Con "Un Monastero per la città. Il complesso dei Benedettini tra passato e futuro" una mostra che ripercorre le tappe di un restauro lungo trent'anni che ha restituito alla
città un edificio splendido. Il genio di Giancarlo De Carlo e la volontà di Giuseppe Giarrizzo cui la Facoltà di Lettere e Filosofia dedica un doveroso omaggio tra saggi, seminari e tavole rotonde.
La
fine ufficiale della “clausura” libera finalmente il Monastero verso la città.
A celebrare questa riappropiazione la suggestiva “Un Monastero per la città.
Il complesso dei Benedettini tra passato e futuro”, la singolare mostra
fotografica che ha inaugurato tre giorni di lavori e studi organizzati dalla
Facoltà di Lettere e Filosofia del nostro ateneo in omaggio a Giuseppe
Giarrizzo, proprio uno dei rari “genii loci” che a partire dagli anni ’70
si era personalmente impegnato per riconsegnare una struttura cardine
dell’intera isola al sapere e alla fruizione.
Lungo la peripatetica
passeggiata nel Corridoio della Presidenza della facoltà di Lettere e Filosofia
dove la mostra è allocata si snodano così le tappe fotografiche - assai
suggestive le immagini di Antonello Caniolo - di un trascurato prima di
un durante alacre ma assai prolungato e di uno luminoso adesso.
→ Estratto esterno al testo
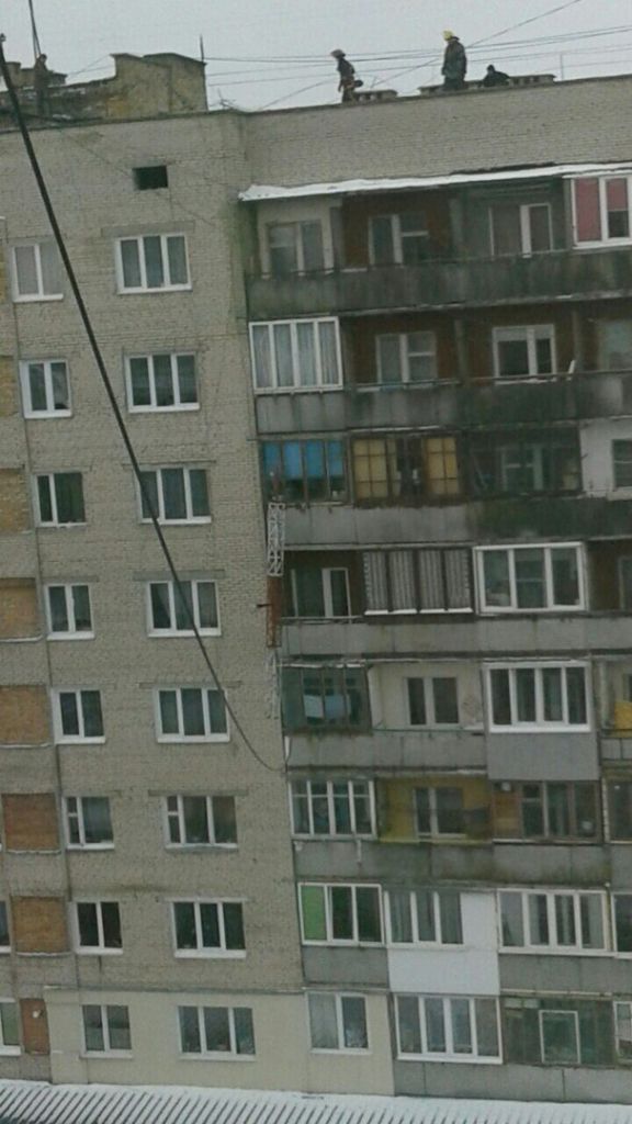 Металева конструкція заввишки до 10 метрів обірвалася внаслідок пориву сильного вітру. Частина вишки довжиною приблизно 4 метри зірвалася з даху дев’ятиповерхового будинку і повисла на тросі кріплення та кабелях на рівні сьомого поверху. Внаслідок цього у квартирі було вибито вікна та виникла загроза подальшого обвалення металевої конструкції.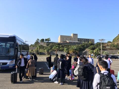 おはようございます。ただ今船内にて朝食を済ませ、帰る準備をしています。昨夜は船酔いする生徒もいましたが、朝には体調を取り戻しています。もうすぐ宮崎港に到着します。予定では、8時40分ごろを予定していますが若干の時間のズレはあるかと思います。
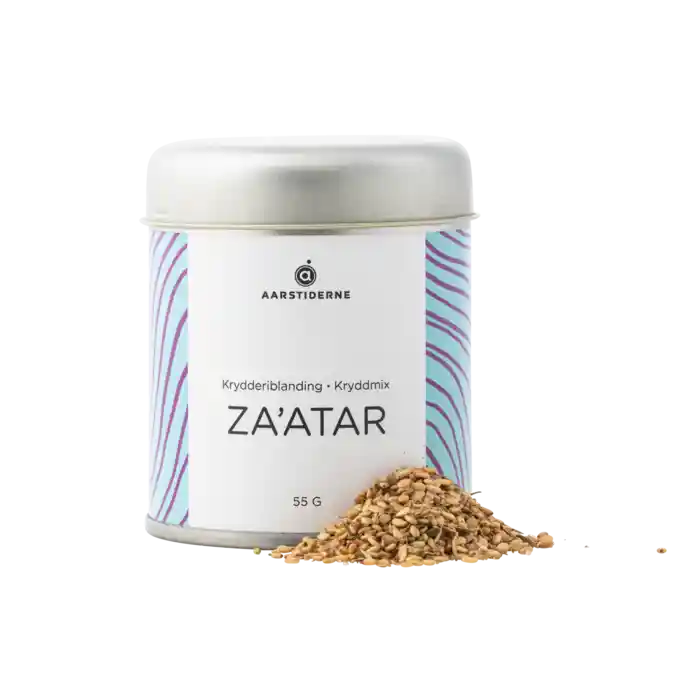 Vores za'atar består af merian, timian, oregano, salt, sesamfrø og sumak. Den smager både salt, surt, tørt og krydret – og en lille smule af nødder. Derfor bruges za'ataren ikke bare som appetitvækker, men også som krydderi på fisk og grøntsager.

La
storia in mostra è quella di un recupero - affidato al genio di un utopista
realista, l’”eutopista” Giancarlo De Carlo (poi supportato dalla preziosa
collaborazione degli architetti Antonino Leonardi, Sebastiano Lisi e Rosangela
Lamagna) - lungo e travagliato, le tappe di un cammino verso un spazio quasi
interamente ridiventato sede e fucina di sapere.
La mano di De Carlo - certamente
lontano dallo sguardo comune di vedere l'architettura
isolata dal contesto - è così riuscita a legare lo splendido barocco
alle soluzioni architettoniche più avanzate, le preesistenze archeologiche e
architettoniche e le stesso colate laviche alle modernissime e funzionali
strutture logistiche: un intervento privo di mera ricerca estetica o tecnologica.
“Un grande progettista un filosofo dell’intervento sul territorio -
ci dice proprio l’architetto Lamagna - con particolare attenzione nei
confronti dell’architettura contemporanea e della ristrutturazione
dell’antico nei rapporti col nuovo.”
I grandi pannelli a colori del
Monastero attuale si alternano così a quelli in bianco e nero, testimonianza di
una struttura ancora da “restituire”alla città: le imponenti mura
sbrecciate, assalite da una vegetazione rigogliosa ma soffocante, i corridoi
offesi da scritte e slogan, i cantinati abbandonati, adesso funzionali
biblioteche, la brulla bellezza del Giardino dei Novizi ora arioso passeggio, la
compostezza antica dei chiostri restituita al suo splendore settecentesco:
insomma l’itinerario della riconquista di quella “sede - come l’ha
definita il Rettore Ferdinando Latteri - prestigiosa e funzionale per gli
studenti e i docenti delle facoltà umanistiche, luogo culturale di assoluto
rilievo a disposizione della città e delle sue istituzioni, patrimonio
architettonico ed urbanistico da tutelare e valorizzare”.